Weszłam na stołówkę razem z Sus i skierowałyśmy się do naszego stolika. Tam już czekał na nas Tommy z Justinem.

-Przynieśliście nam śniadanie? Jeju, jak super.- zajęłam jedno z wolnych miejsc i zabrałam z talerza tosta.

Od kąd poszłam na odwyk, nie miałam kontaktu z chłopakami. Nie chciałam, aby mnie odwiedzali, dzwonili, czy próbowali kontaktować w jakiś inny sposób. Jasne, że tęskniłam, ale potrzebowałam takiej przerwy od świata. Chyba doszczętnie zrozumiałam sprawę narkotyków i nie miałam ochoty nigdy więcej ich brać. Czyli terapia była na plus. Jeśli chodziło o dwie pozostałe osoby z mojego pokoju to czasem rozmawiałyśmy. Jak nie były zaćpane, to okazywały się wspaniałymi dziewczynami, którym dragi zniszczyły życie. Trzymałam za nie kciuki i obiecałam, że będę odwiedzać. Tommy i Justin to dwóch chłopaków, którzy przeszli naprawdę dużo. Pierwszy z nich widział, jak ojciec mordował matkę, a później sam się powiesił. Z racji, że nie miał bliższej rodziny, a sam był prawie dorosły, uciekł. Zaczął ćpać, pić i miał dwie próby samobójcze, ale był cholernym szczęściarzem, że przeżył. Natomiast nad drugim rodzina znęcała się od zawsze. Na jego oczach ojciec zgwałcił swoją córkę. Od tamtego wydarzenia wszystko się zaczęło. Na szczęście zaczęli wychodzić na prostą. I bardzo dobrze, bo byli wprost zajebiści.

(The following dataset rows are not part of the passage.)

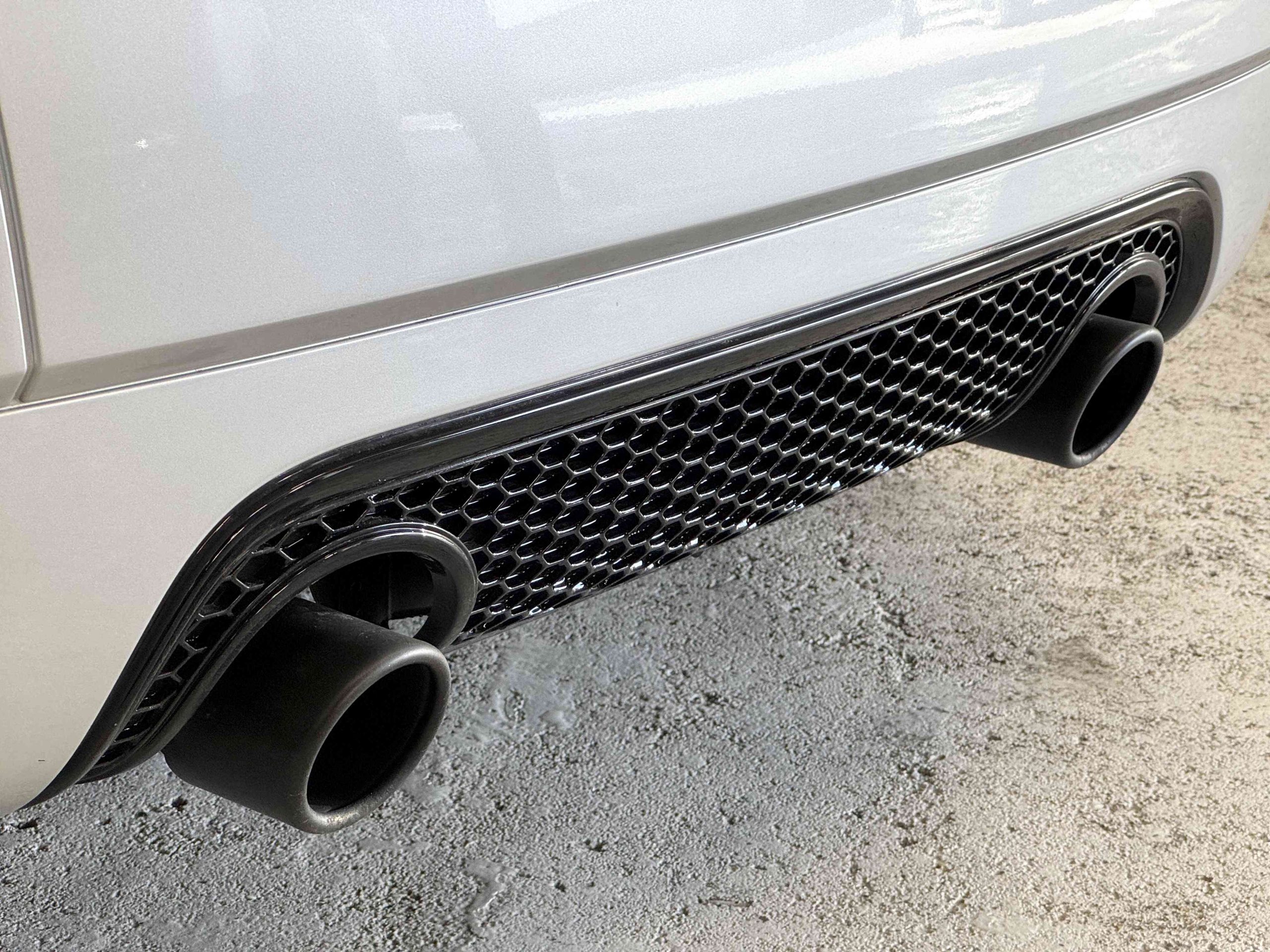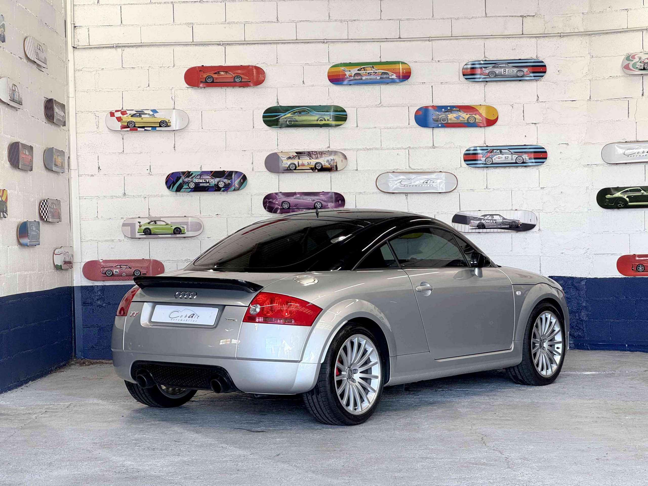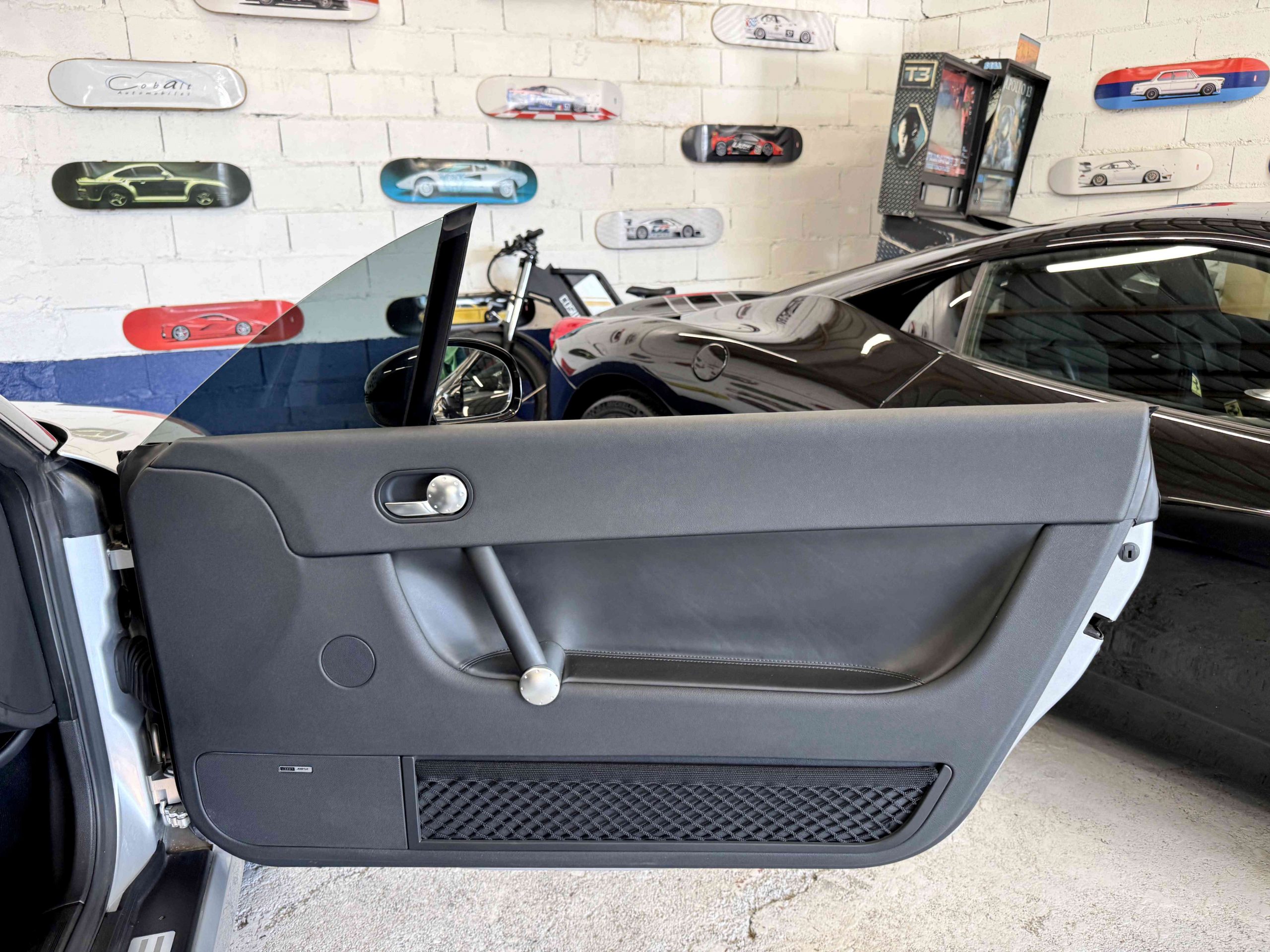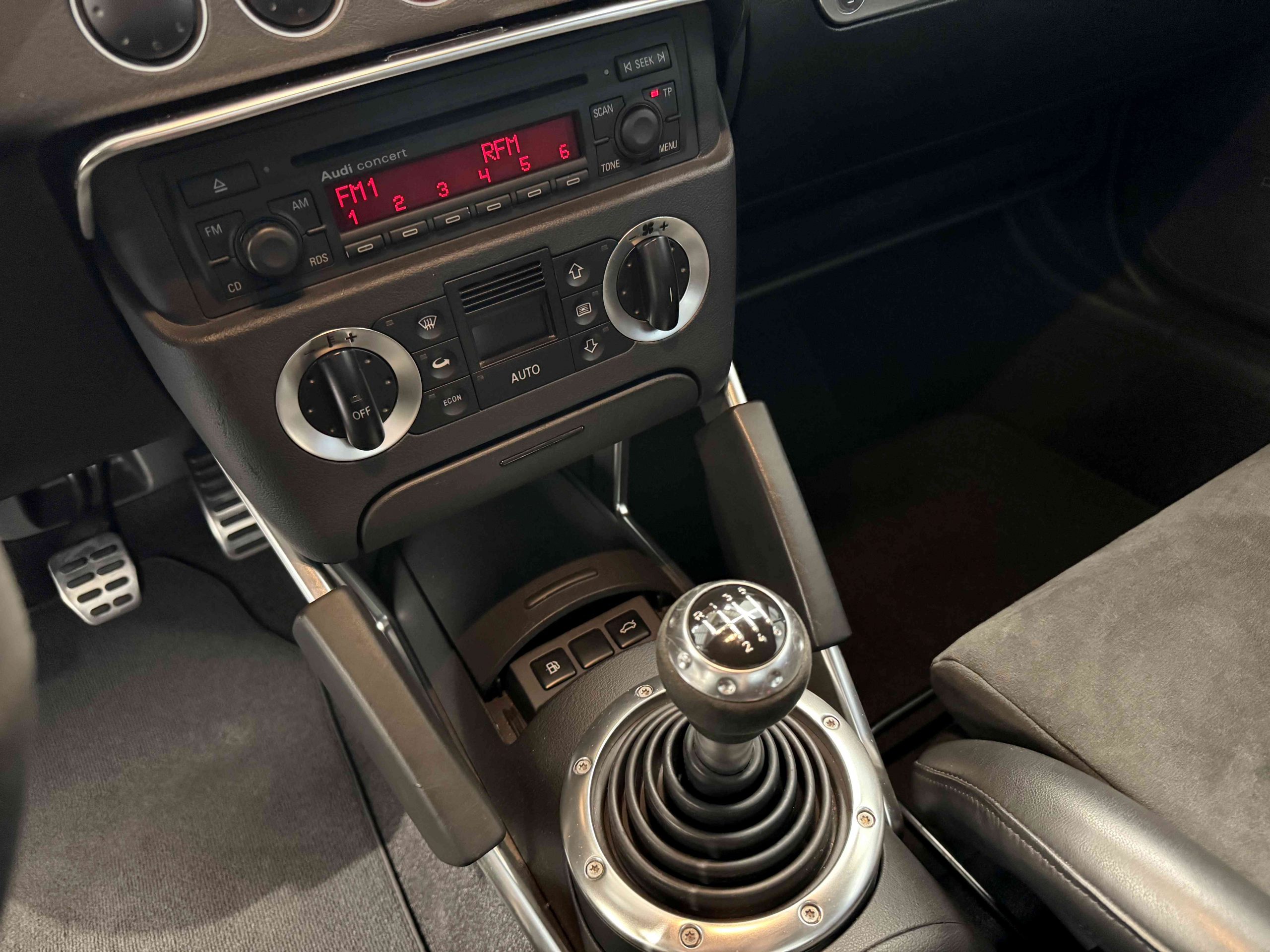 En 2005, pour fêter les 25 ans du système Quattro, Audi, par le biais de Quattro GmbH, décide de concentrer tout son savoir faire dans le TT. Le résultat est probant : une cure d’allègement de 75kg, un moteur qui passe de 225 ch à 240 ch. Suppression des airbags latéraux de la climatisation automatique (disponible en options gratuite dont notre exemplaire est équipé), sièges Recaro, suppression de la banquette arrière, volant et pommeau de levier de vitesse en alcantara, barre anti-rapprochement et filet de séparation font partie de la liste des changements de l’habitacle de cette version ultime de l’Audi TT, une sorte de mini GT3 RS. Audi en profite pour ajouter 15 ch au moteur et l’étagement des 6 rapports de la boîte manuelle sont resserrés. Au niveau train roulant et châssis, la batterie est déportée à l’arrière, les jantes 18 pouces sont spécifiques comme le réglage de suspension (-20 mm) conférant à ce TT un caractère jusque là inconnu pour ce modèle. Audi produira 1 165 TT Quattro sport dont 900 en conduite à droite et 24 exemplaires pour le marché Français, les seuls numérotés.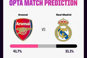 預(yù)測(cè)中,阿森納首回合主場(chǎng)取勝的概率為41.7%,皇馬客場(chǎng)贏球的概率則是31.1%,兩隊(duì)有27.2%的可能戰(zhàn)平。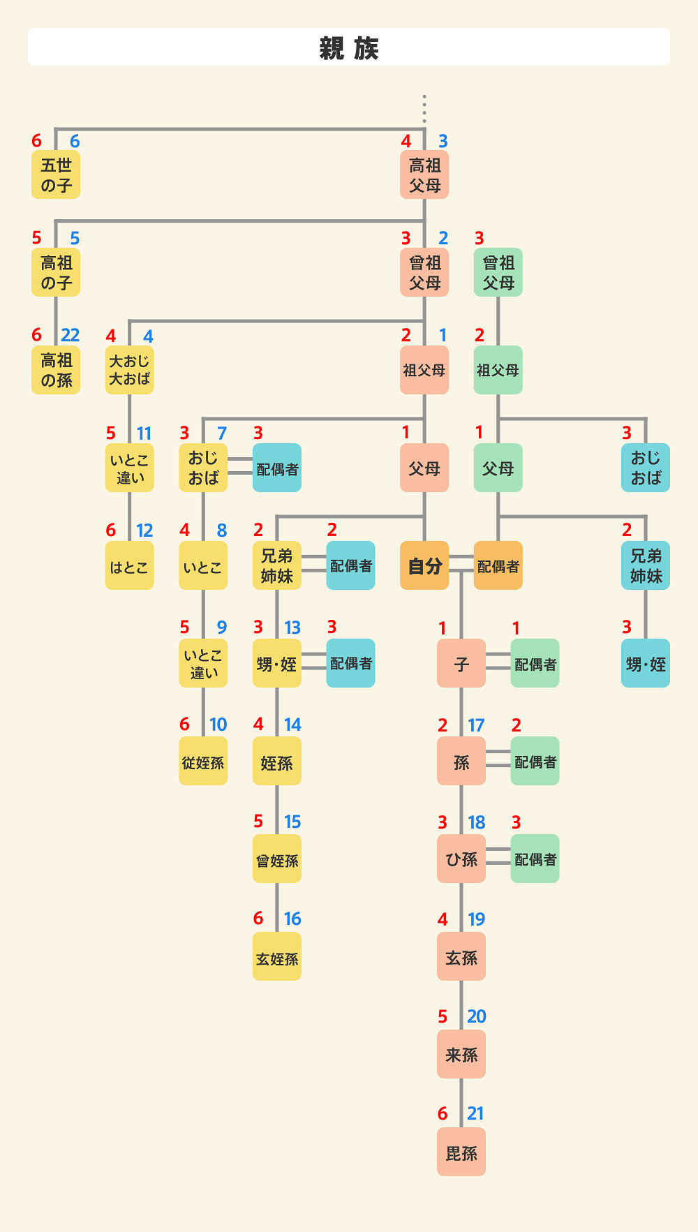 親族の数え方マスター!○親等をイラストでわかりやすく解説。
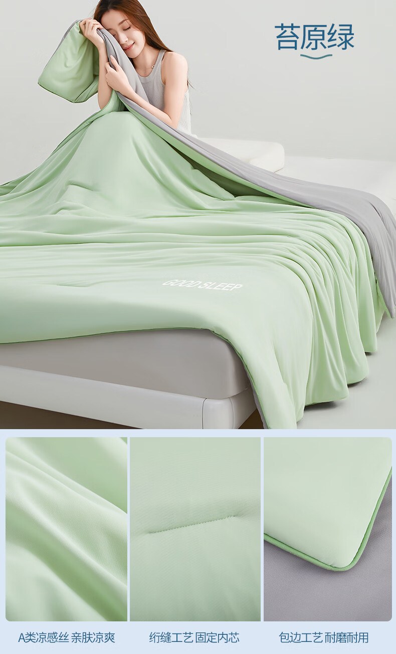 苏萱2026新款热卖水洗冰丝夏被四件套夏季夏凉被空调被可机水洗单双人 亚丁绿+冰川灰 单人夏被-150*200cm
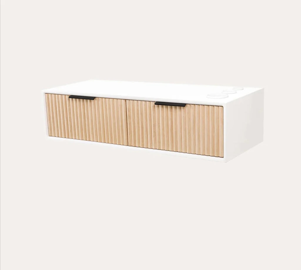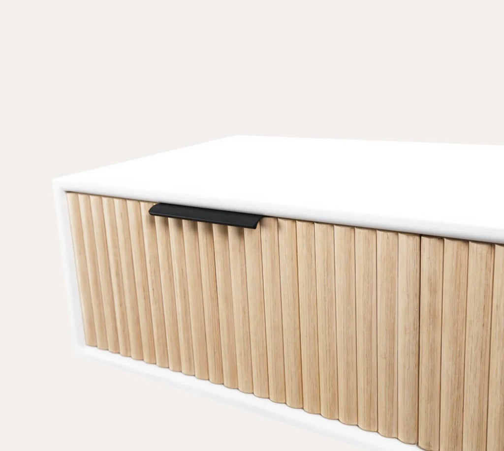 -Wood Tambour front with color choice of Natural Oak stain or Black paint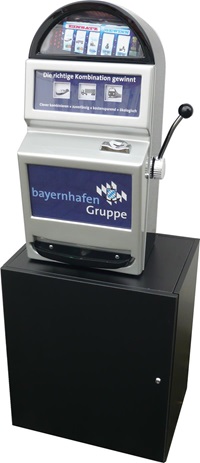 Unsere zweit größte Slotmachine "basic 4.0". Das Maximum an technischen Möglichkeiten in der Form der klassichen Slot Machine. Bei der Steuerung Version 4.0 sind jetzt 2 bis 12 verschiedene Logo-Kombinationen pro Walze möglich. Der Betrieb erfolgt wahlweise mit Werbemünzen (Token) oder per Freispiel. Die Gewinnsteuerung ist programmierbar. So wird eine Veranstaltung zu einer planbaren Größe, denn Sie können bestimmen, wie oft welcher Preis kommen soll. Ausgabetools im Gerät ermöglichen den automatischen Auswurf von unterschiedlichen Gewinnchips oder auch kleiner Warenproben, Kreditkarten oder Gutscheinen. Weitere Optionen sind ein Soundmodul mit Verstärker oder ein Anschluß an externe Ausgabegeräte. Hiermit können z.B. Blitzleuchte, Fotokamera oder eines Ihrer Produkte aktiviert werden. Sie merken, dieses neuartige Marketingmodul kann viel - viel mehr, als wir hier aufführen können. Lassen Sie uns doch gemeinsam ein passendes Konzept erarbeiten.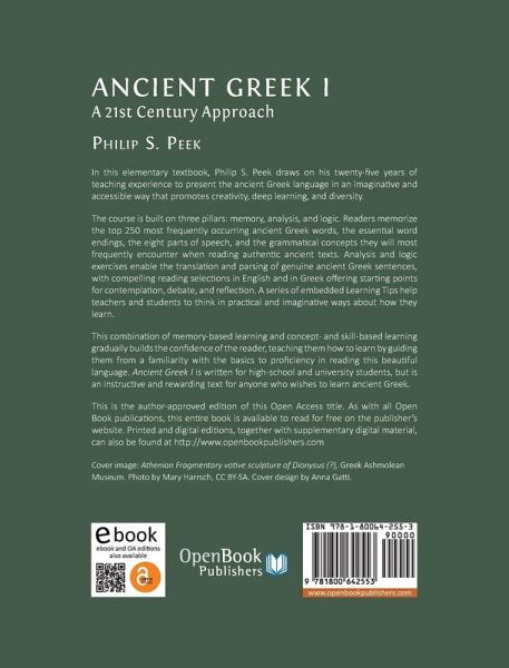 In this elementary textbook, Philip S. Peek draws on his twenty-five years of teaching experience to present the ancient Greek language in an imaginative and accessible way that promotes creativity, deep learning, and diversity. The course is built on three pillars: memory, analysis, and logic. Readers memorize the top 250 most frequently occurring ancient Greek words, the essential word endings, the eight parts of speech, and the grammatical concepts they will most frequently encounter when reading authentic ancient texts. Analysis and logic exercises enable the translation and parsing of genuine ancient Greek sentences, with compelling reading selections in English and in Greek offering starting points for contemplation, debate, and reflection. A series of embedded Learning Tips help teachers and students to think in practical and imaginative ways about how they learn. This combination of memory-based learning and concept- and skill-based learning gradually builds the confidence of the reader, teaching them how to learn by guiding them from a familiarity with the basics to proficiency in reading this beautiful language. Ancient Greek I: A 21st-Century Approach is written for high-school and university students, but is an instructive and rewarding text for anyone who wishes to learn ancient Greek.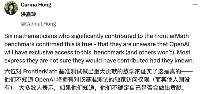 「对 FrontierMath 基准测试做出重大贡献的六位数学家向我证实,他们并不知道 OpenAI 会独占该基准测试的访问权限,而其他人无法获得,多数人表示,如果他们事先知情,可能不会选择参与。」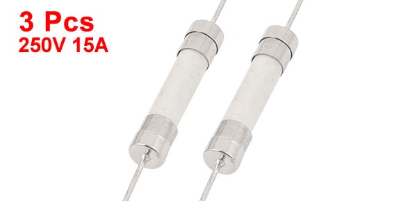 Product Name Ceramic Fuse Rated Power 250V, 15A Body Size 30 x 6mm/ 1.2" x 0.24" (L*D) Wire Leads Length(Each) 30mm/ 1.2" Total Size 90 x 6mm/3.5" x 0.24"(L*D) Function Fast Blow Color White, Silver Tone Material Ceramic, Alloy Weight 10g Package 3 Pcs x Ceramic Fuse - Reviews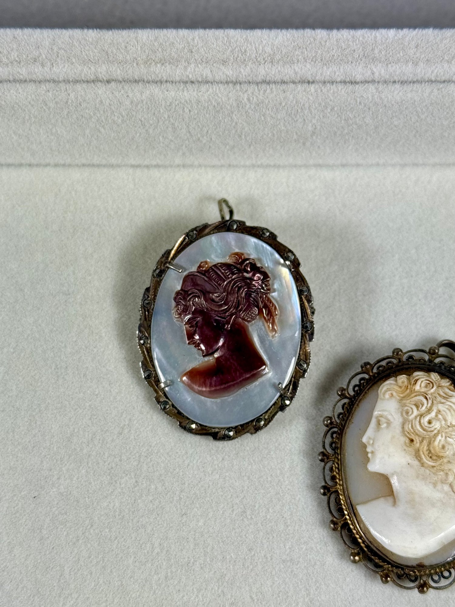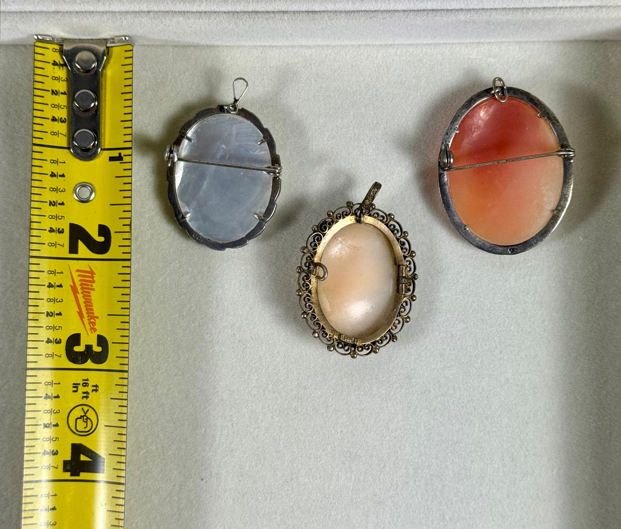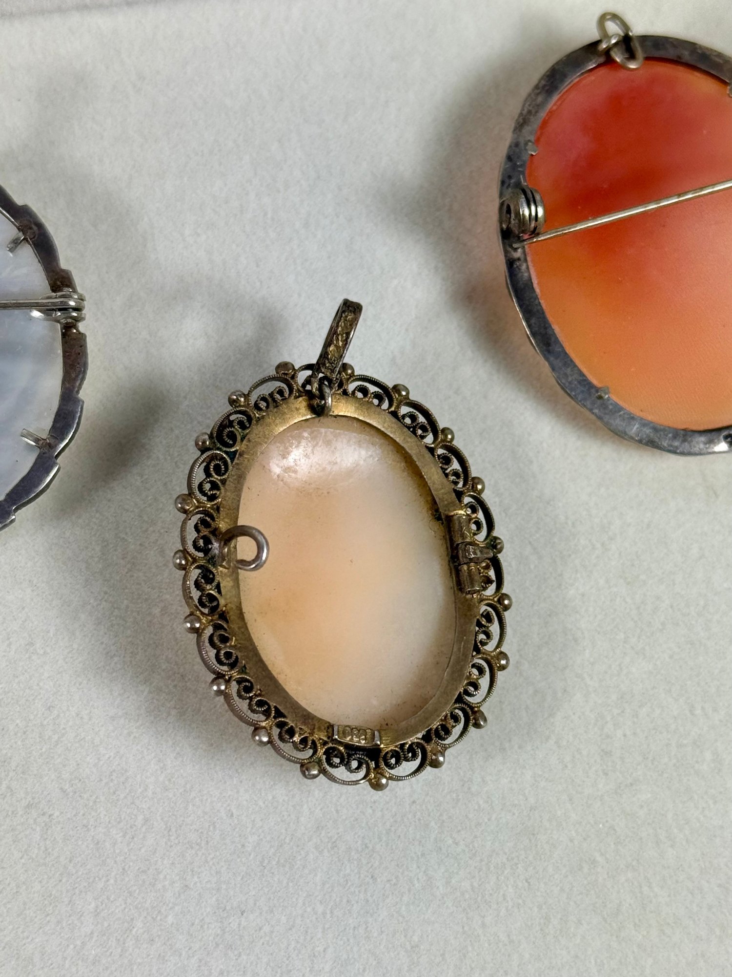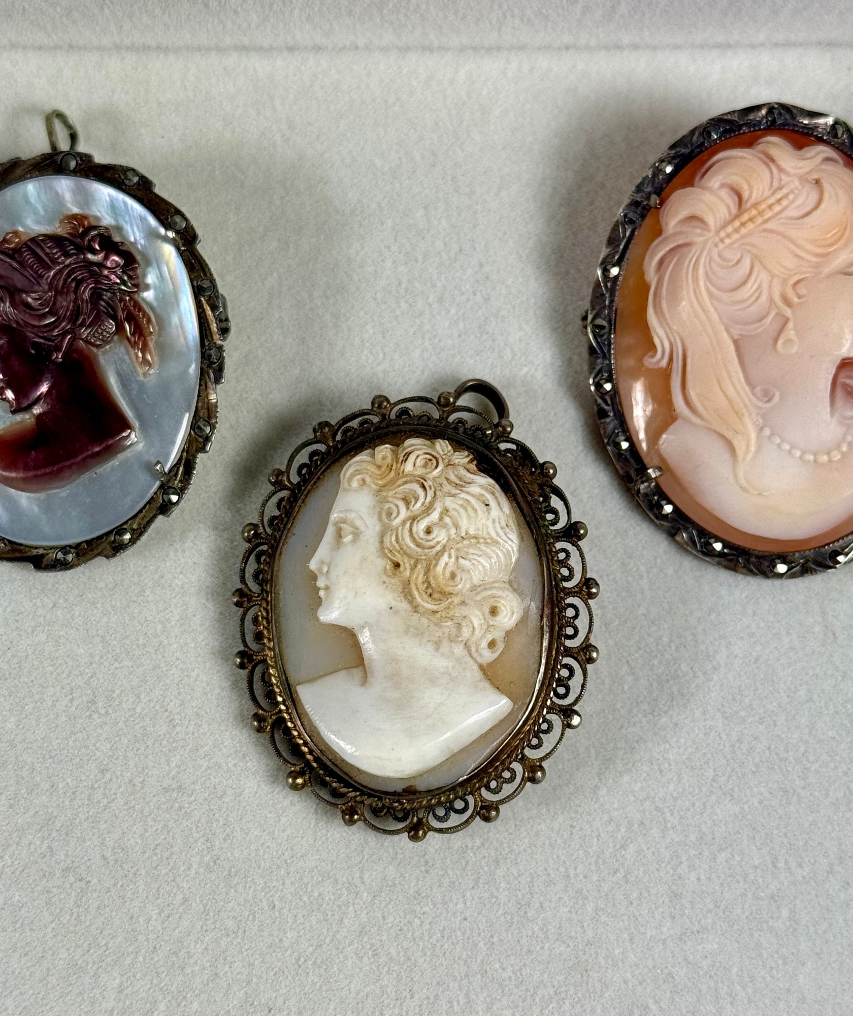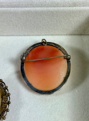 (3) Antique Cameo Brooches - Marked .800 Silver

-Kiedy wychodzisz?- zapytał Jus, popijając kawę. Ta, jego uzależnienie.

-Właściwie to za dwa tygodnie, a wy?- spytałam, zabierając drugiemu chłopakowi kubek z herbatą. Miał dobry gust, jeśli o to chodziło.

-Nie będziesz samotna, skoro Sus wychodzi w czwartek?- zaśmiała się Evita, nasza opiekunka, która akurat koło nas przechodziła. Uwielbiałam tą kobietę, była cudowna. Miała w sobie tyle ciepła i miłości, którą chciała się z nami dzielić- Szybciej, bo się na zajęcia spóźnicie.

Wstaliśmy i w wesołych nastrojach ruszyliśmy na najwyższe piętro. Chłopcy biegali i się wygłupiali, a my dyskutowałyśmy o pogodzie za oknem. Na trzecim piętrze dołączyło do nas jeszcze pięć różnych osób. I taką ekipą dzień w dzień chodziłam na terapię, a później na oglądanie filmu.

-Paulina, czemu tak daleko usiadłaś? Dołącz do nas.- parsknęła prowadząca, widząc jak bardzo przeszkadzają jej nasze śmiechy- A razem z Tobą pójdzie Tommy, bo mam wrażenie, że jesteście jak papużki nierozłączki.

-Oczywiście, że tak, psze pani.- oznajmił głośno chłopak, a ja miałam wrażenie, że zaraz rozpłaczę się ze śmiechu, czyli typowe zajęcia. A tak sceptycznie byłam nastawiona do tego pomysłu. Wszyscy tu zachowywali się jak uczniowie typowego liceum. To było coś innego niż ciągłe dorosłe podejście do życia.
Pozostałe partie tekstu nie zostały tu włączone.